Complexities of Miami-area Interethnic Relations
Dade County’s politics were not simply a Cuban–African American struggle. Sometimes, Black individuals saw non-Hispanic White individuals as allies against the Cubans: in his losing bid for Congress against a Cuban American in 1989, the non-Hispanic White candidate won most of the Black votes. Sometimes, Black individuals saw both Cubans and non-Hispanic White individuals as oppressors of Black Americans. In a lawsuit that met with success in 1992, Black and Cuban Americans cooperated in an effort to make the Dade County Commission more representative of ethnic minorities. Black Americans did not always form a united front against the Cubans: In a 1980 referendum ending the provision of Spanish-language documents and services by the Dade County government, Black voters split, 44 percent for the proposition and 56 percent against. (Bilingualism was restored in 1993.) Haitians and native-born Black Americans did not agree on all issues; among non-Hispanic White individuals, White ethnic migrants from the North did not always agree with White Anglo-Saxon Protestants of southern background; and some of Miami’s non-Cuban Hispanics resented Cuban predominance.

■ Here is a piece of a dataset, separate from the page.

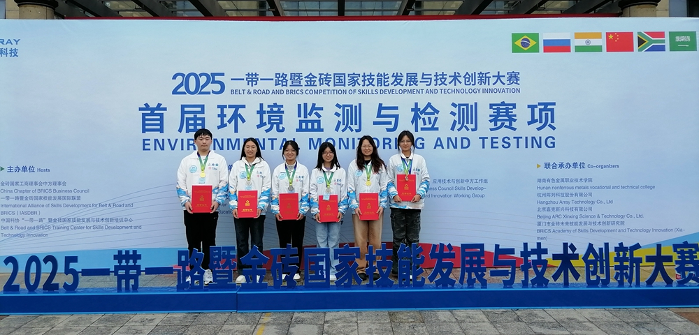 10月19日,2025一带一路暨金砖国家技能发展与技术创新大赛首届环境监测与检测赛项在湖南落幕,我校化学化工与环境工程学院代表队表现优异,获得一等奖(金牌)1项、二等奖(银牌)2项。

Comparison with Overall Black-Hispanic Relations
In other major US cities, Cubans were, if present at all, a smaller part of the larger Hispanic group. Only in Miami did Hispanic people build a powerful political presence; hence, Black resentment of Hispanic political power played little role in race relations elsewhere. The police brutality issue also operated differently: in Compton, California, Washington, DC, and Detroit, Michigan, for example, there were complaints in the early 1990s about alleged brutality by Black police officers against Hispanic individuals.
Bibliography
Lohmeier, Christine. Cuban Americans and the Miami Media. McFarland, 2014.
López, Antonio. Unbecoming Blackness: The Diaspora Cultures of Afro-Cuban America. New York UP, 2012.
Rose, Chanelle N. The Struggle for Black Freedom in Miami: Civil Rights and America's Tourist Paradise, 1896–1968. Louisiana State UP, 2015.
Sawyer, Mark Q. "Racial Politics in Miami: Ninety Miles and a World Away." Racial Politics in Post-Revolutionary Cuba. Cambridge UP, 2006, pp. 154–74.
Shell, Christopher. "African Americans, Anti-Racism, and Cuba." Picturing Black History, picturingblackhistory.org/african-americans-anti-racism-and-cuba. Accessed 20 Jan. 2025.